Below are entries; copy exactly the lines from the one with "White And Green" through the one with "Selling a pair", both included, and leave out the rest.
§
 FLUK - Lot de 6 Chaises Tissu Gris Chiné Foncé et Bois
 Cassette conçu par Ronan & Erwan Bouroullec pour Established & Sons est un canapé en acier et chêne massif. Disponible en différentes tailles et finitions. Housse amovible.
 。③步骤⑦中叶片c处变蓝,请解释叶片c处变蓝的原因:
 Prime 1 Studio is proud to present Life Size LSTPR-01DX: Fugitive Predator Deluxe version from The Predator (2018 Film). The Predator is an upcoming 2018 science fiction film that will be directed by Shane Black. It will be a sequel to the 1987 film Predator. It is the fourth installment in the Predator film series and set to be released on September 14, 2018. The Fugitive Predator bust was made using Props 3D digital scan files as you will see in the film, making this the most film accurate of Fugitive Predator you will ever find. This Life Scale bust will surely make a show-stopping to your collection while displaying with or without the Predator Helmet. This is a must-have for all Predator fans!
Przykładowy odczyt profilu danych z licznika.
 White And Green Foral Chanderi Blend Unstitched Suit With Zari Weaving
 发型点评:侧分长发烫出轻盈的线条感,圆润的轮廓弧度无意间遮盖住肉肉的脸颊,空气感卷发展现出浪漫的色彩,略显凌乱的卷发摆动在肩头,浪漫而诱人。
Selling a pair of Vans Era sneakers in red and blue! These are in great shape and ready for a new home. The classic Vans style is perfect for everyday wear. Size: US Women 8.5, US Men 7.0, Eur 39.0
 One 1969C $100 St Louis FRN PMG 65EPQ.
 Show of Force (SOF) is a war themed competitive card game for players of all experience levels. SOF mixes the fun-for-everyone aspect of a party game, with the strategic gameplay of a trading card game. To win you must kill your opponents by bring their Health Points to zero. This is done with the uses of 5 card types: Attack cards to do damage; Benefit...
§
**Result**:
 White And Green Foral Chanderi Blend Unstitched Suit With Zari Weaving
 发型点评:侧分长发烫出轻盈的线条感,圆润的轮廓弧度无意间遮盖住肉肉的脸颊,空气感卷发展现出浪漫的色彩,略显凌乱的卷发摆动在肩头,浪漫而诱人。
Selling a pair of Vans Era sneakers in red and blue! These are in great shape and ready for a new home. The classic Vans style is perfect for everyday wear. Size: US Women 8.5, US Men 7.0, Eur 39.0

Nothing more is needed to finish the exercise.